On 3 May 2003 a tornado smashed through two suburbs of Oklahoma City. It had struck at the height of the tornado season, yet residents were still shocked by the destruction it wrought. Eight thousand homes were destroyed, a billion dollars of damage was wreaked and 40 people lost their lives. What had hit Oklahoma City that day was not just any old tornado - it was a super-twister.
Tornadoes are classified on the Fujita scale, or F-scale. Most tornadoes that occur around the world can be classified on the lower reaches of the scale - the F0s, F1s or F2s. These can still cause damage and have winds in excess of 160km/h.
Supertwisters are an altogether different beast. Terrifying and destructive, at their most extreme they are powered by wind travelling in excess of 480km/h. This is strong enough to lift strong framed houses from their foundations and seriously damage even reinforced concrete.
Every year hundreds of people around the world are killed or injured by supertwisters. Yet what makes them even more terrifying is that it is practically impossible to predict their appearance or movement. Why they form in the first place remains a mystery.
The mystery of supertwisters
Most US tornadoes occur in Tornado Alley, a flat mid-western stretch from Texas in the south to the Dakotas in the north. High season for supertwisters tends to be during spring, from March to June.
Tornadoes usually appear during a thunderstorm. Supertwisters are associated with super-cells, the largest thunderclouds of all. These are enormous rotating columns of air that can be over 30km across and 18,000 metres high - twice the height of Mount Everest.
All tornadoes form when warm, moist air is pushed upward by a mass of cold air. This creates an updraft within the stormcloud that can cause a large mass of circulating air. When this air comes in contact with the ground it becomes a tornado. What is not known is precisely what triggers this final stage to form a tornado...
A group of scientists are trying to plug these gaps in our knowledge. These 'storm chasers' take their lives in their own hands every time they go out in the field. To get the crucial data they need to get close to the supertwisters. Their research is vital to finding a way of giving people a few extra minutes warning. The time might not be enough to save houses or possessions, but could save lives.
To help them, they use the very latest technology. Many of them, like Howie Bluestein from the University of Oklahoma, track storms using a Doppler radar dish mounted on the back of a truck. Doppler radar uses sound waves to sense the movement of air and moisture in remarkable detail - it is the most accurate way of mapping the swirling wind patterns that make up a tornado. Many storm chasing teams use at least two of these trucks so they can record information on the storm from different angles. But even with all the latest equipment, storm chasers consider themselves lucky if they intercept one or two tornadoes each year.
How to use the data
Gathering the data is one thing, working out what to do with it is another problem altogether. Much of the work uses specially designed computer models. Lou Wicker and his colleagues from the University of Illinois have spent the past decade developing state-of-the-art software that will help to explain precisely how a tornado forms. Some of his latest work involves working out how to visualise a storm using real tornado data, picked up from the storm chaser's Doppler radar.

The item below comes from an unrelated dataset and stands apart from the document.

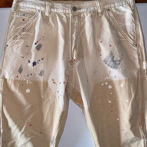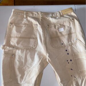 MNML NWOTs Flare Denim Pants - Khaki with Paint Splatter | B243 | Size 34

He added the real wind speeds, atmospheric pressure and humidity present before a storm into his model. Could this model use the data to make an artificial tornado within his computer? If possible, he should be able to observe the inner workings of the twister and therefore see what had triggered the final touch down.
Wicker and his colleagues soon noticed something crucial - the simulation showed a clear hook of wind and a strong downdraft. His model also showed that just as the storm was intensifying a series of whirlwinds were forming at ground level. These tiny corkscrews of wind merged together into a much larger current and seemed to form the tornado itself.
The whirlwinds which showed up in the computer were so subtle that in reality they would be invisible to the naked eye. What seemed to make Wicker's work so exciting was that these mini-whirlwinds had shown up on real tornadoes picked up by both Bluestein's and fellow supertwister expert Dr Josh Wurman's radar. Could identifying these tiny whirlwinds in advance be the key to finding the extra time in tornado prediction?